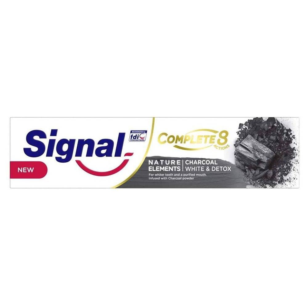 يساعدك معجون أسنان التبييض بالفحم المكون من 8 عناصر طبيعية من سيجنال الجديد على تعزيز حماية صحة الفم، للحصول على أسنان أنظف وأكثر بياضا. يحتوي على معادن الزنك، مضاد للجراثيم من أصول طبيعية وثبت سريريا لمحاربة البكتيريا لصحة الأسنان وابتسامة أكثر بياضا في 2 أسابيع فقط. تركيبة معجون الأسنان مصنوعة من 96 ٪ مكونات ذات أصول طبيعية لأسنان نظيفة وأكثر بياضا، مملوءة بالفحم الطبيعي 100٪.
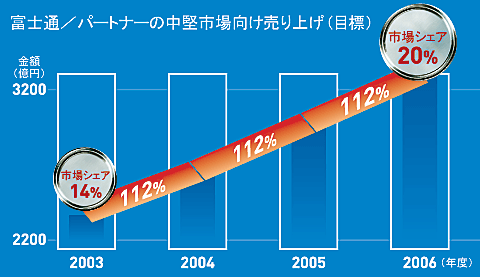 富士通(黒川博昭社長)は、パートナーを主体とする中堅企業市場向けビジネスで、売上高を3年連続で2ケタ増とする目標を掲げた。システム案件の小口化が進んでいることから、パートナーの商談期間を現在の平均4.7か月から平均3か月へと短縮。案件獲得数を増やすことで売上増につなげる。今年度(2005年3月期)から06年度(07年3月期)まで毎年度12%増の売上成長を達成し、中堅企業市場におけるシェアを昨年度(04年3月期)の14.4%から06年度に20%へと拡大する。
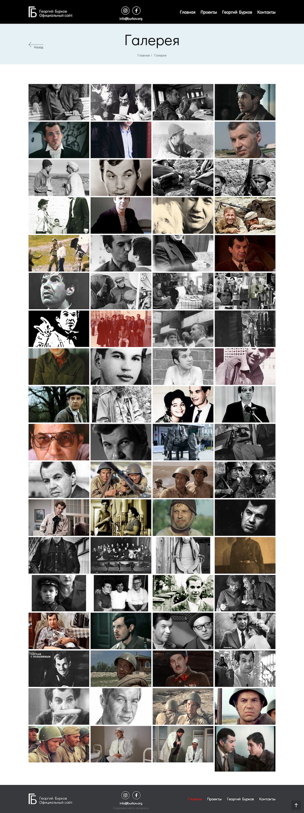Проект отличается минималистичной, но выразительной визуальной концепцией, где главный акцент сделан на личность Георгия Буркова и его творчество. Навигация проста и понятна, сайт одинаково удобен для молодых пользователей и людей старшего возраста.
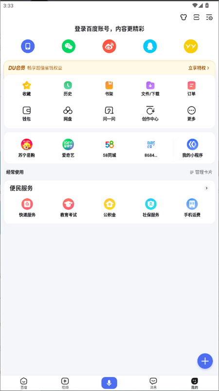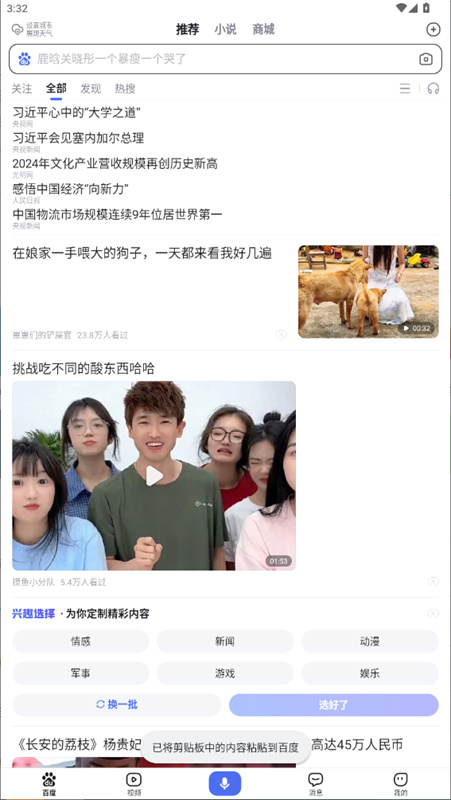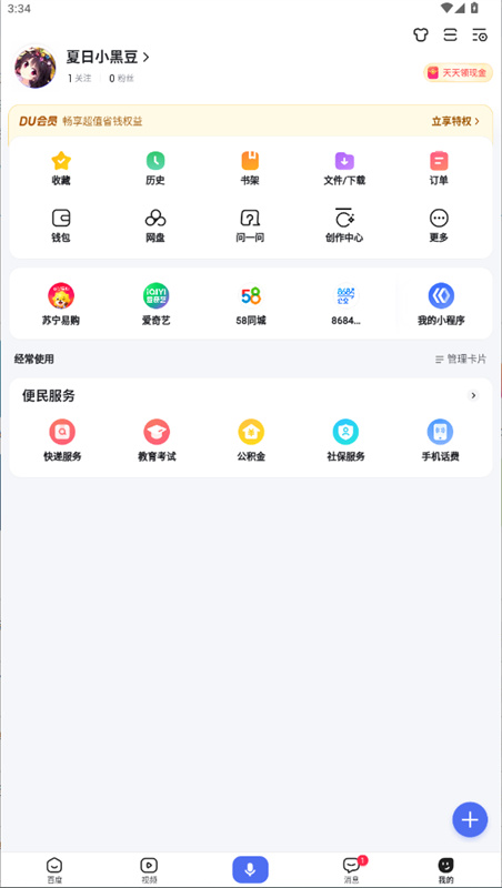 首页底部快速进入视频频道,海量明星娱乐、搞笑段子、经典剧集视频,还能拍小视频记录身边新鲜事,简单操作能拍又能看。
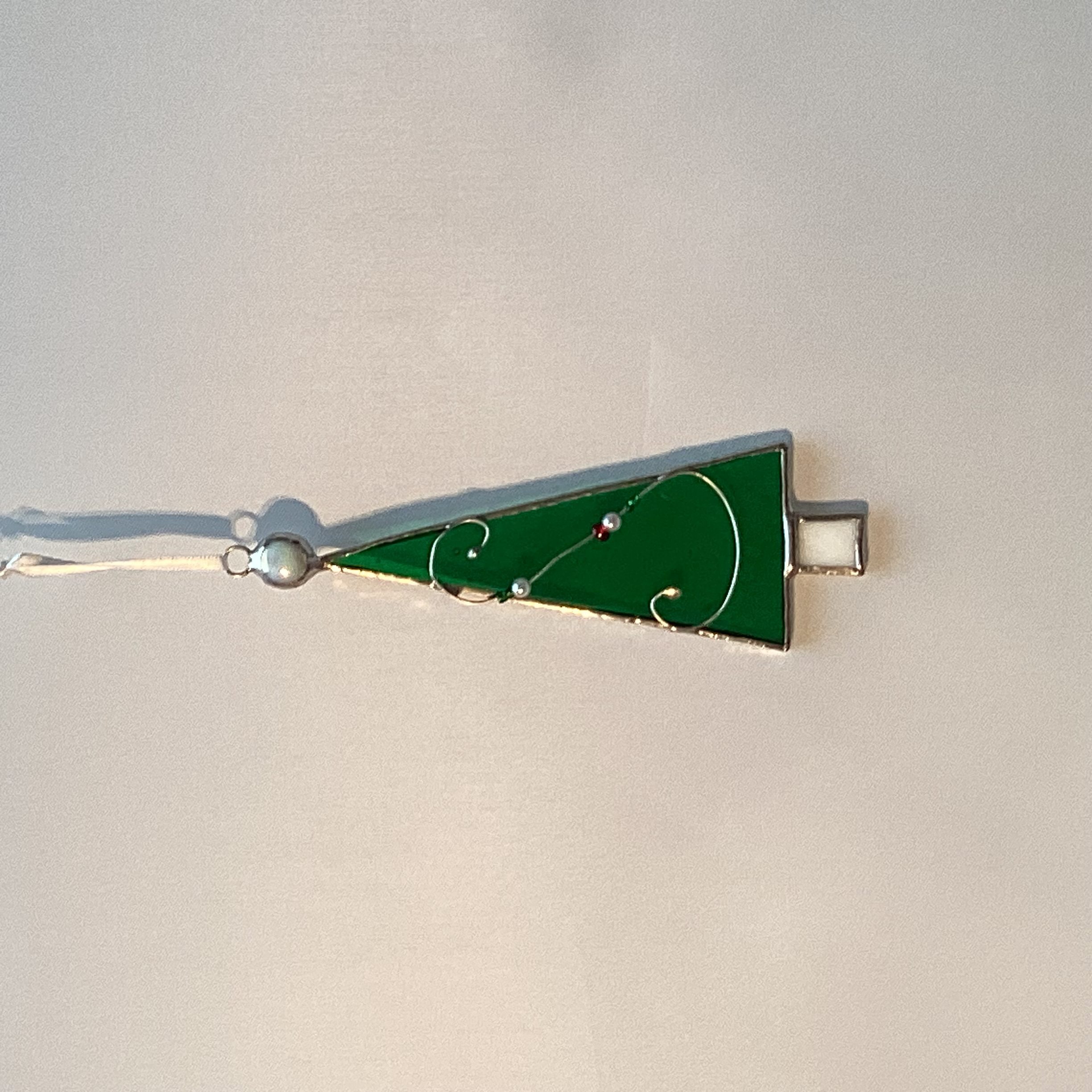 Glasinlood Groene Kerstboom met kralen. Een mooie groene kerstboomhanger met slinger en bal in de top. Een uniek handgemaakt glasinloodkado voor de feestdagen. Wij hebben meerdere soorten en kleuren kerstbomen in onze glasinloodkado webshop.
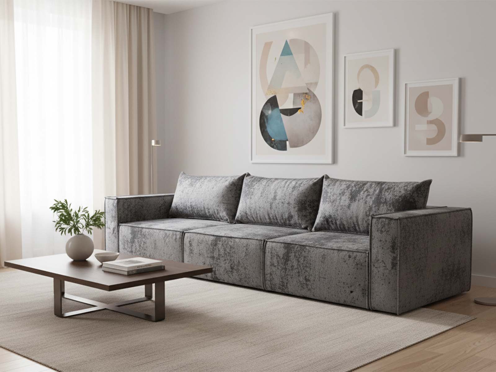 Диван еврокнижка Лофт 3-х модульный, спальное место 145*265, обивка Плюш серый
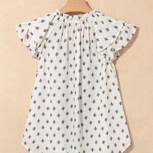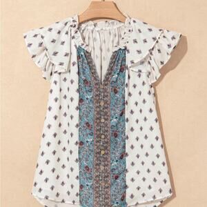 Women's White and Blue Boho Patterned Top | Sizes M, L and XL
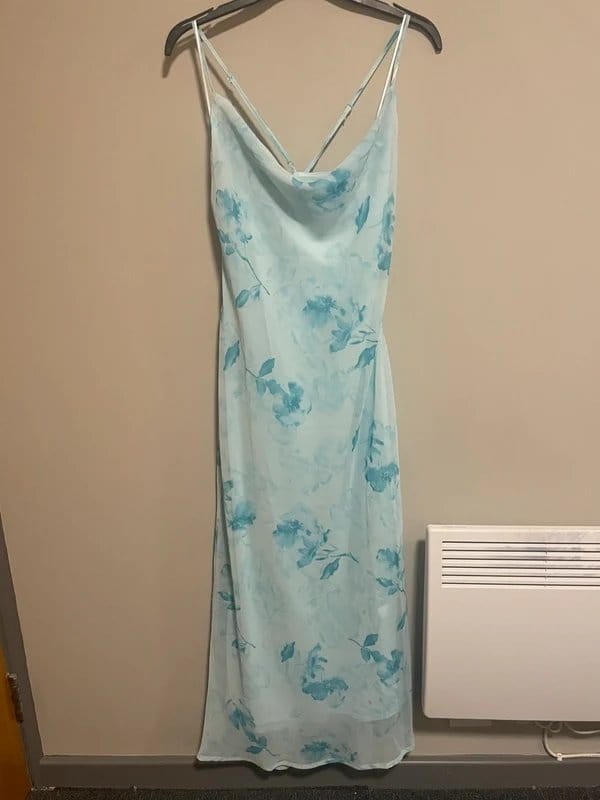 The New Look Light Blue Floral Dress is available in sizes M.
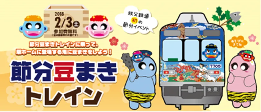 秩父鉄道に鬼が出現!?特別臨時列車「節分豆まきトレイン」運行 お土産・福豆・特別記念乗車証のプレゼントや、 秩父鉄道グッズが当たる福引大会も実施
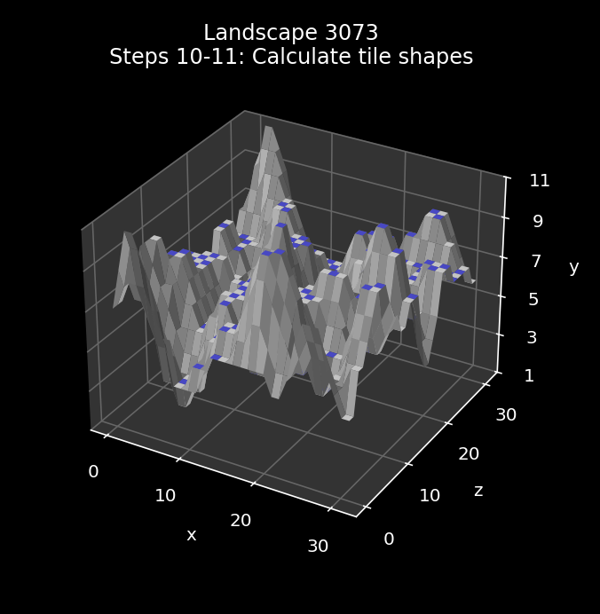 Here's a top-level breakdown of the full 11-step landscape generation process. I'll go into more detail about each step below, and you can click on a step number to jump straight to the detailed explanation:
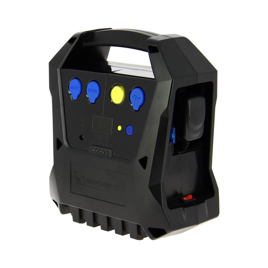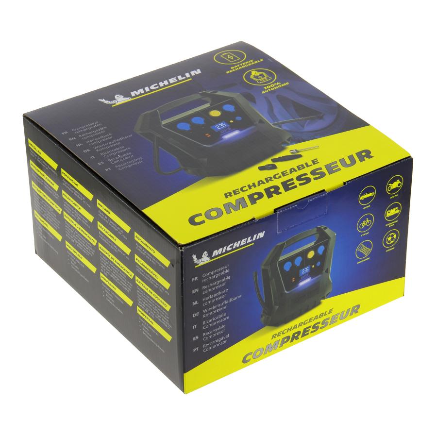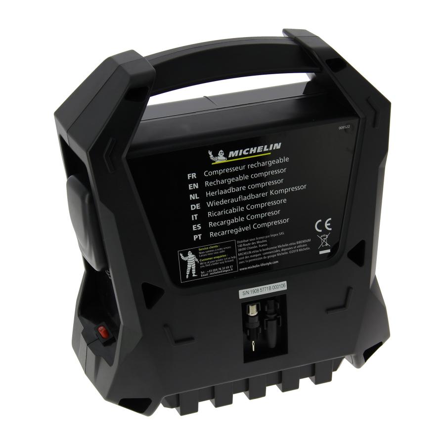 Cordless air compressor. The inbuilt battery makes it ideal for cord-free use on the go. Adjust the pressure of a standard tyre in 3 minutes Thanks to its stand-alone battery, it can power 12 V products (2 accessory sockets) and recharge devices (2 x 5 V USB ports). Universal : Contains three valves: Balls, bicycle tyres, inflatable toys. 3 pressure units : Bar, PSI, Kpa. 5 Superbright LED lights. 60 cm (approx.) high pressure air hose with tyre valve connector. Inflates car tyres up to 2.80 bars. Inflates bike tyres up to 8.3 bars. A fully charged battery will give appoximately 10 inflations from 0 to 2 bars.
----
Write out exactly the lines from the line holding "The New Look" through the last line of the records above, inclusive, and nothing more. Leave out the pictures.

--- Solution ---
 The New Look Light Blue Floral Dress is available in sizes M.
 秩父鉄道に鬼が出現!?特別臨時列車「節分豆まきトレイン」運行 お土産・福豆・特別記念乗車証のプレゼントや、 秩父鉄道グッズが当たる福引大会も実施
 Here's a top-level breakdown of the full 11-step landscape generation process. I'll go into more detail about each step below, and you can click on a step number to jump straight to the detailed explanation:
 Cordless air compressor. The inbuilt battery makes it ideal for cord-free use on the go. Adjust the pressure of a standard tyre in 3 minutes Thanks to its stand-alone battery, it can power 12 V products (2 accessory sockets) and recharge devices (2 x 5 V USB ports). Universal : Contains three valves: Balls, bicycle tyres, inflatable toys. 3 pressure units : Bar, PSI, Kpa. 5 Superbright LED lights. 60 cm (approx.) high pressure air hose with tyre valve connector. Inflates car tyres up to 2.80 bars. Inflates bike tyres up to 8.3 bars. A fully charged battery will give appoximately 10 inflations from 0 to 2 bars.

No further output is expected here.